Whether or not an IT liaison is available, compliance should make an effort to understand how IT manages work and projects. If the organization uses an agile method, it is important for compliance to review its project requests with an eye toward sprints. If IT is using a scoring method to prioritize, it can be difficult for compliance to put a business value on its projects; in those cases, it may be helpful to look at the way legal requests are scored to determine how to value risk mitigation.

When looking at how to open the lines of communication, consider how each function communicates within itself and with other parts of the organization. If there is a regular intra-department meeting, invite the other department to give a short talk or presentation. A lunch and learn to treat the other department is a great way to start. Compliance may already have recurring calls with the lines of business to provide regulatory updates; extend the invitation to key IT personnel. Regular IT department meetings may yield valuable updates for compliance, such as vendor changes, new software, and new facilities

Compliance should also be open to alternative technical solutions proposed by IT - if it ultimately meets the goal or resolves the issue, don’t let perfect be the enemy of good. One example of this is the Bill of Lading document generated by ERP systems. It is common for multiple departments to request specific language or data elements be included on the BOL, but there is only so much room on the page. Rather than doubling down on the exact language being on the BOL, consider if the language could be shortened, if a reference to a full policy could be used instead, or if there is another shipping document where the language could be included (the commercial invoice, packing list, etc.)

While IT certainly has greater expertise in technology overall, compliance may have more direct knowledge and experience with technology specific to their field, such as Global Trade Management (GTM) software. Most ERP systems are not designed to handle international trade. Some organizations manage this by creating custom transactions and documents in the standard ERP, some rely on manual processes with spreadsheets, but more and more organizations are turning to GTM solutions. If the organization is considering creating custom code to meet trade compliance requirements, it is worth evaluating GTM options. Compliance likely is more familiar with the current landscape of GTM providers to look at, but it is critical for both IT and Compliance to be involved in the selection process. Compliance will be able to evaluate how well the solution meets their regulatory and process needs, while IT can review how well the solution will interface with existing systems and make a realistic estimate of the time and cost involved in implementation.

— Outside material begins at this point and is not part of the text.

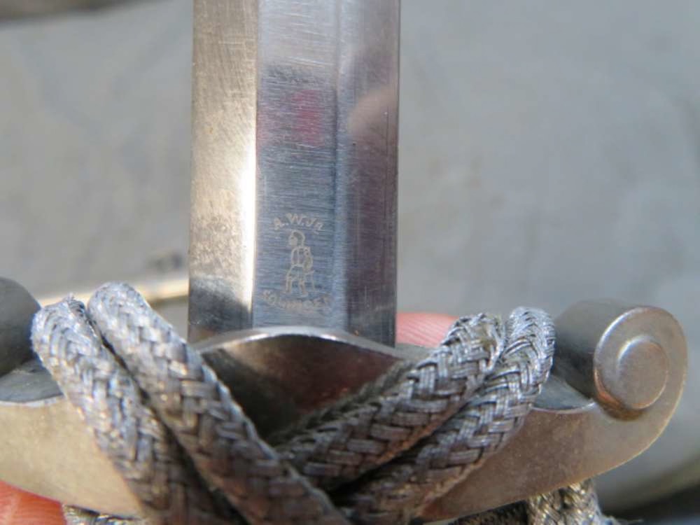 Very good condition original WWII German army officer dress dagger that has Anton Wingen Jr. manufacturer markings on the blade. Blade has a nice original bright finish. Still has the original leather washer at the base. Hilt fittings have a nice original silver finish. The yellow-orange grip has no damage. Complete with the correct original portepee (knot) that shows some normal wear. Fitted in the correct original steel scabbard that has a nice original silver finish and no dents. A nice WWII German army officer dagger for your collection!
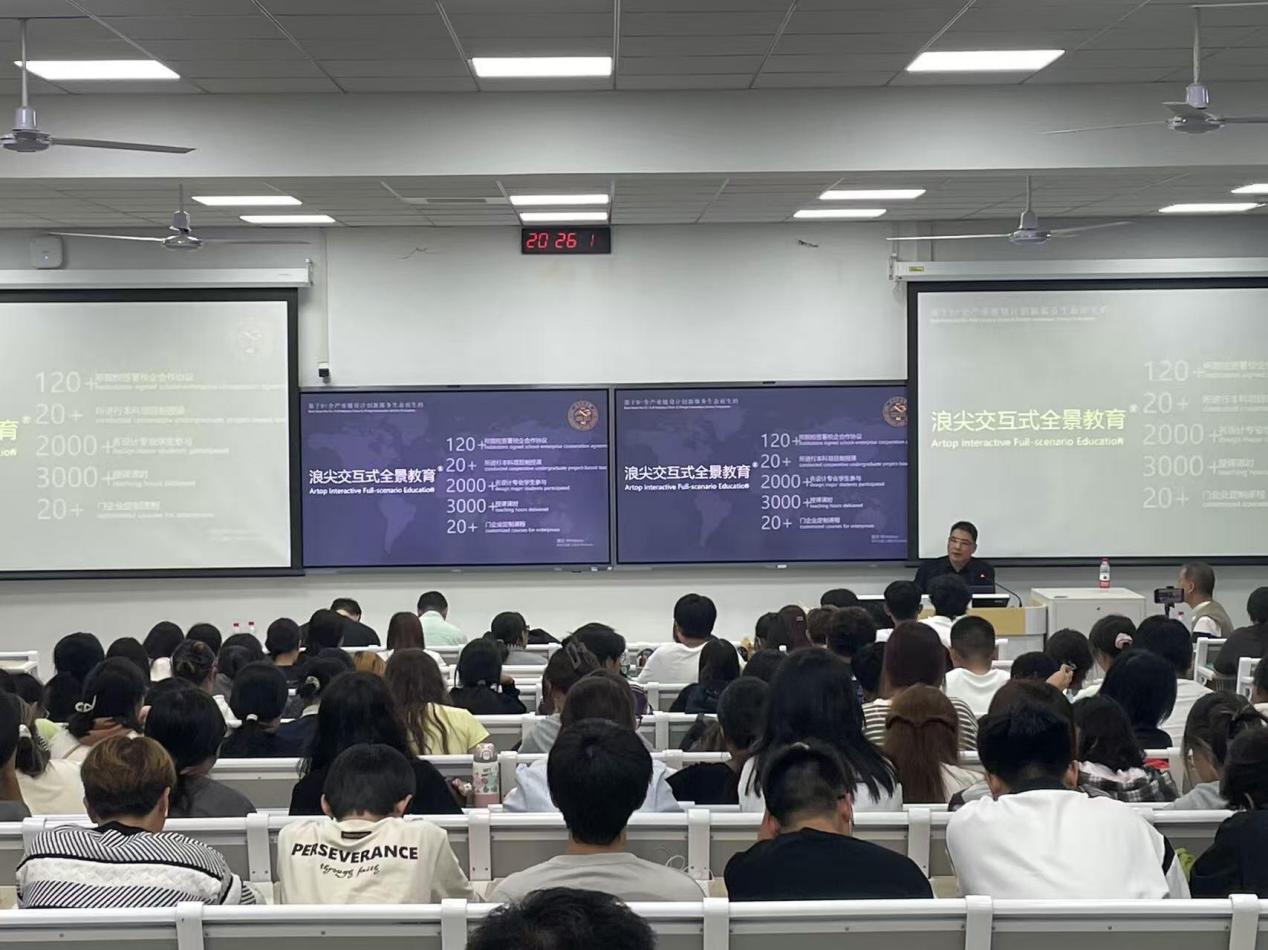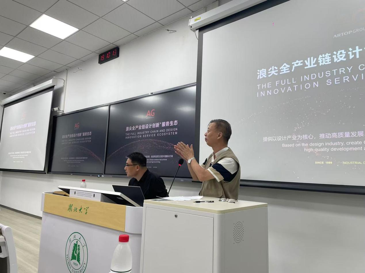 李少康先生又講述設(shè)計要因地制宜,從區(qū)域經(jīng)濟結(jié)構(gòu)到社會發(fā)展,利用我國優(yōu)勢,利用我國各地區(qū)優(yōu)勢來推動產(chǎn)品、產(chǎn)業(yè)、社會發(fā)展。我國在產(chǎn)品設(shè)計行業(yè)中不只利用自己的優(yōu)勢,相對應還會開展國際交流,吸收國外優(yōu)秀設(shè)計思維理念促使我們自己設(shè)計行業(yè)發(fā)展更加持續(xù)穩(wěn)定。李少康先生還向?qū)W生們介紹了浪尖交互式全景教育,以接待、參觀、建立工作坊的方式讓學生們體驗產(chǎn)品設(shè)計的流程,讓學生們更近距離接觸產(chǎn)品設(shè)計。

In multinational organizations, IT may frequently be asked to provide hardware and software to company locations in other countries. Proactively working with compliance can prevent shipping delays and added costs. Some countries require import permits for certain items; shipping the goods without the required permits often results in seizure and forfeiture of the items. Compliance can review the import and export restrictions in advance to ensure the goods arrive successfully.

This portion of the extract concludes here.